I should note that the derived classes don't introduce any additional variables, so both the base and derived classes should be the same size in memory.
I'm open to destroying the old object and creating a new one, as long as I can create the new object at the same memory address, so existing pointers aren't broken.
The following attempt doesn't work, and produces some seemingly unexpected behaviour. What am I missing here?
#include <iostream>
class Base {
public:
virtual void whoami() {
std::cout << "I am Base\n";
}
};
class Derived : public Base {
public:
void whoami() {
std::cout << "I am Derived\n";
}
};
Base* object;
int main() {
object = new Derived; //assign a new Derived class instance
object->whoami(); //this prints "I am Derived"
Base baseObject;
*object = baseObject; //reassign existing object to a different type
object->whoami(); //but it *STILL* prints "I am Derived" (!)
return 0;
}
You can at the cost of breaking good practices and maintaining unsafe code. Other answers will provide you with nasty tricks to achieve this.
I dont like answers that just says "you should not do that", but I would like to suggest there probably is a better way to achieve the result you seek for.
The strategy pattern as suggested in a comment by #manni66 is a good one.
You should also think about data oriented design, since a class hierarchy does not look like a wise choice in your case.

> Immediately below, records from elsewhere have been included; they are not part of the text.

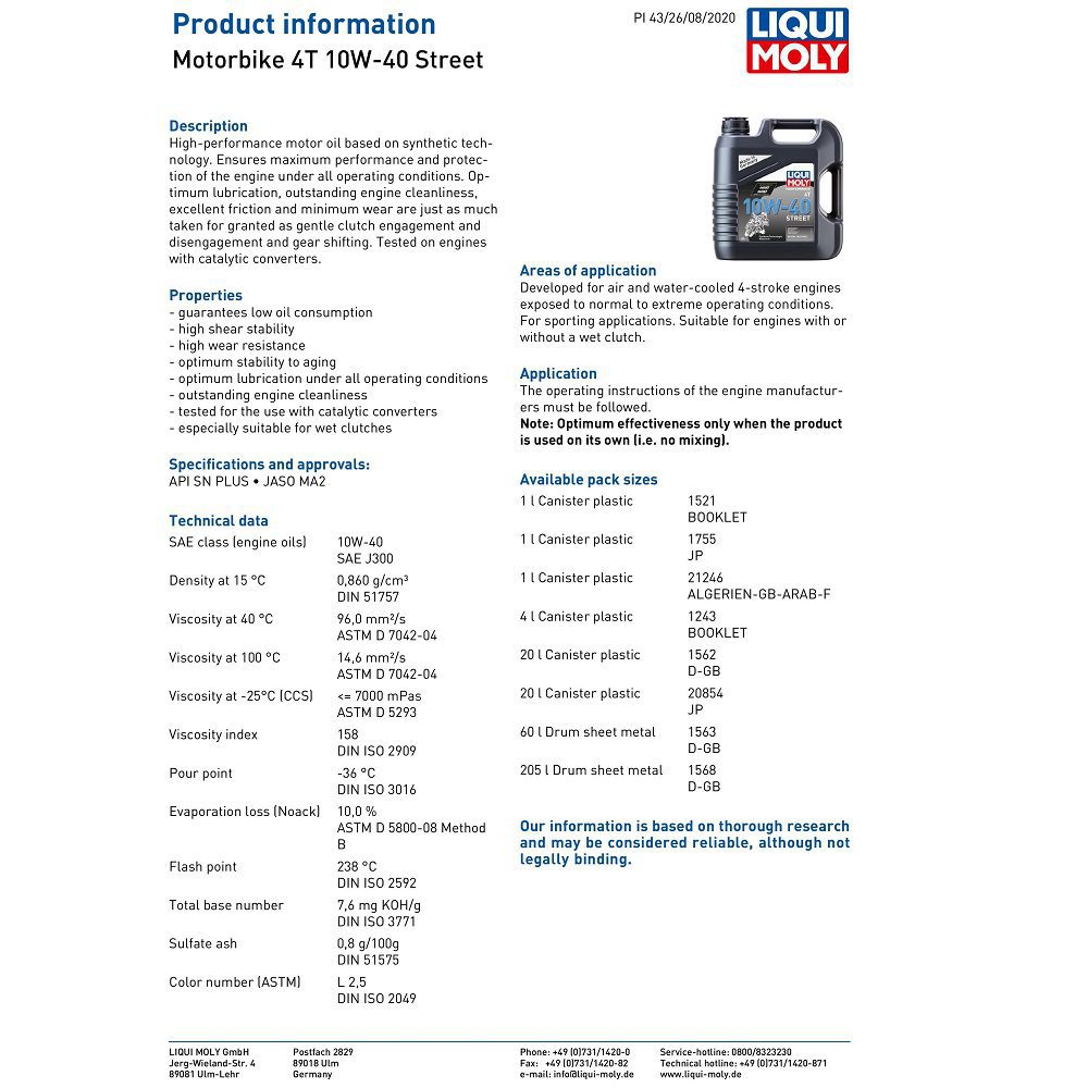 The Liqui Moly motorcycle engine oil has been developed for air and water-cooled 4-stroke engines exposed to normal to extreme operating conditions. For sporting applications. Suitable for engines with or without a wet clutch.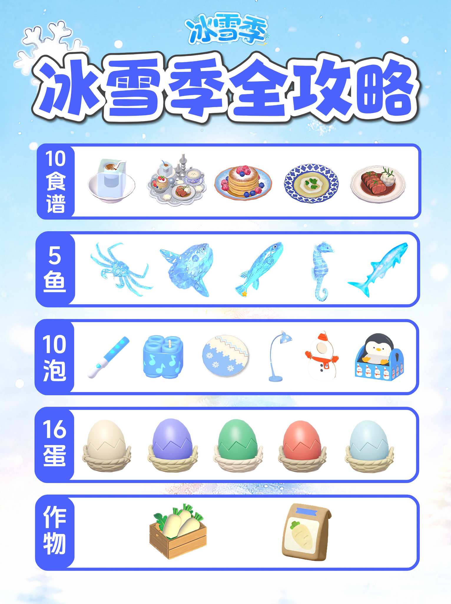 冰雪季 全图鉴攻略 食谱 冰晶鱼 价格表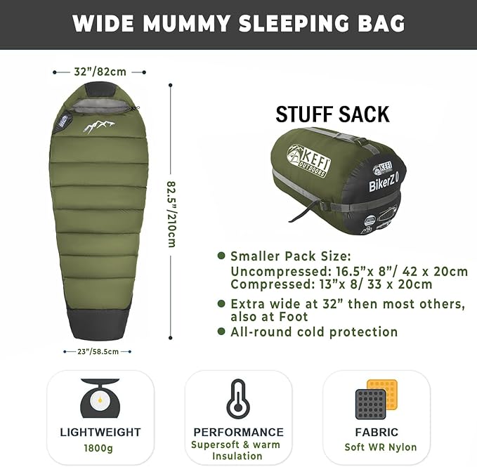• 🌟 RUGGED FLEECE-LINED FOOT MUMMY BAG Stay cozy with a warm, fleece-lined Foot region mummy sleeping bag designed to keep you comfortable in harsh winter conditions. Perfect for outdoor adventures, providing full body warmth.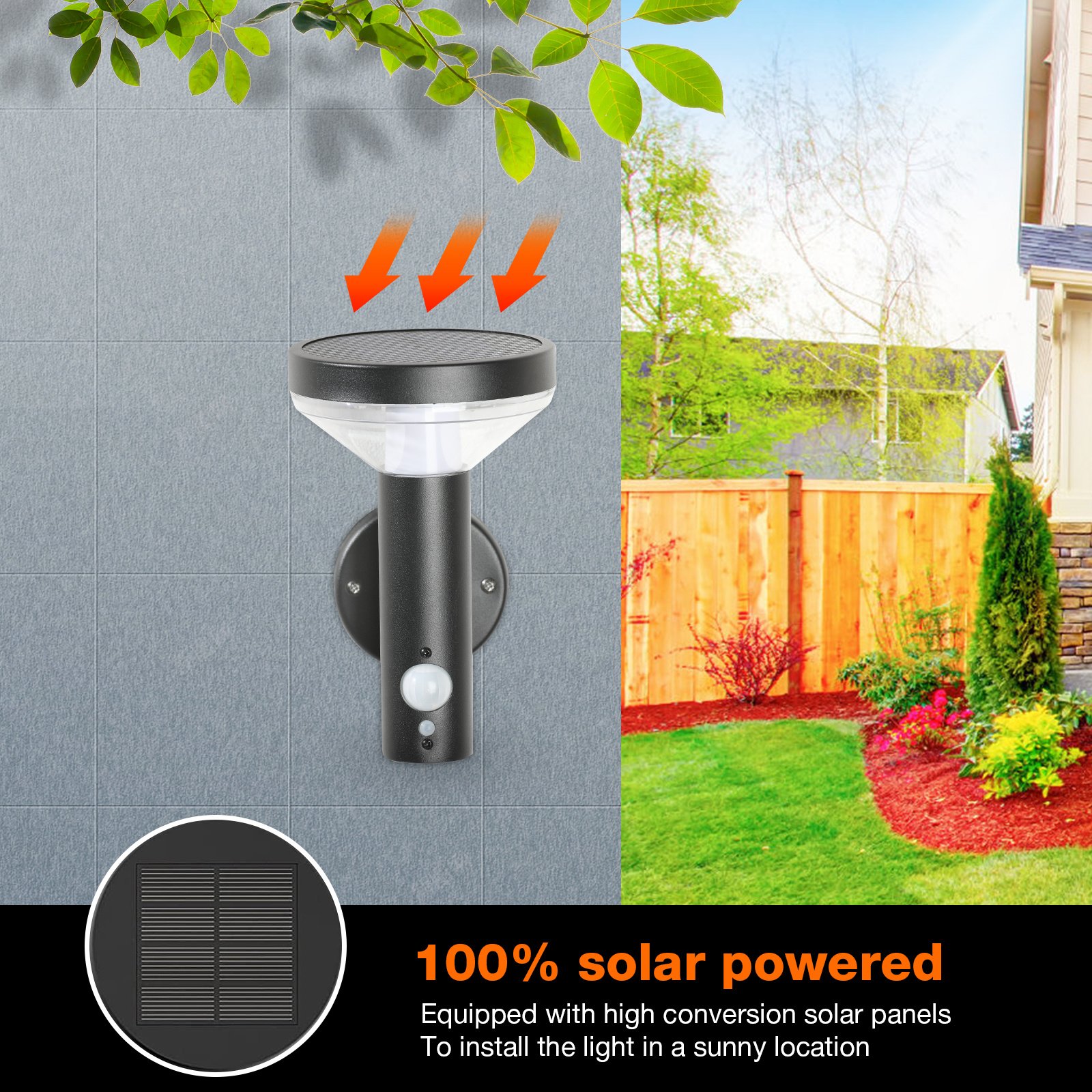 2.Dusk to dawn motion sensor: solar lights outdoor works auto at night. Solar wall lantern with 3 mode. a. Sensor turns on when detects move. b.Glow all night in low lumens. c. Light glow all night and become brighter when detects move.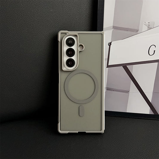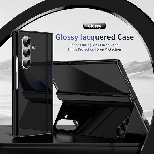 For Samsung Galaxy Z Fold7 5G PC Phone Case with Back Cover Kickstand and Tempered Glass Film - Grey

Yes and no. A C++ class defines the type of a memory region that is an object. Once the memory region has been instantiated, its type is set. You can try to work around the type system sure, but the compiler won't let you get away with it. Sooner or later it will shoot you in the foot, because the compiler made an assumption about types that you violated, and there is no way to stop the compiler from making such assumption in a portable fashion.
However there is a design pattern for this: It's "State". You extract what changes into it's own class hierarchy, with its own base class, and you have your objects store a pointer to the abstract state base of this new hierarchy. You can then swap those to your hearts content.
No it's not possible to change the type of an object once instantiated.
*object = baseObject; doesn't change the type of object, it merely calls a compiler-generated assignment operator.
It would have been a different matter if you had written
object = new Base;
(remembering to call delete naturally; currently your code leaks an object).
C++11 onwards gives you the ability to move the resources from one object to another; see
http://en.cppreference.com/w/cpp/utility/move
I'm open to destroying the old object and creating a new one, as long as I can create the new object at the same memory address, so existing pointers aren't broken.
The C++ Standard explicitly addresses this idea in section 3.8 (Object Lifetime):
If, after the lifetime of an object has ended and before the storage which the object occupied is reused or released, a new object is created at the storage location which the original object occupied, a pointer that pointed to the original object, a reference that referred to the original object, or the name of the original object will automatically refer to the new object and, once the lifetime of the new object has started, can be used to manipulate the new object <snip>
Oh wow, this is exactly what you wanted. But I didn't show the whole rule. Here's the rest:
if:
the storage for the new object exactly overlays the storage location which the original object occupied, and
the new object is of the same type as the original object (ignoring the top-level cv-qualifiers), and
the type of the original object is not const-qualified, and, if a class type, does not contain any non-static data member whose type is const-qualified or a reference type, and
the original object was a most derived object (1.8) of type T and the new object is a most derived object of type T (that is, they are not base class subobjects).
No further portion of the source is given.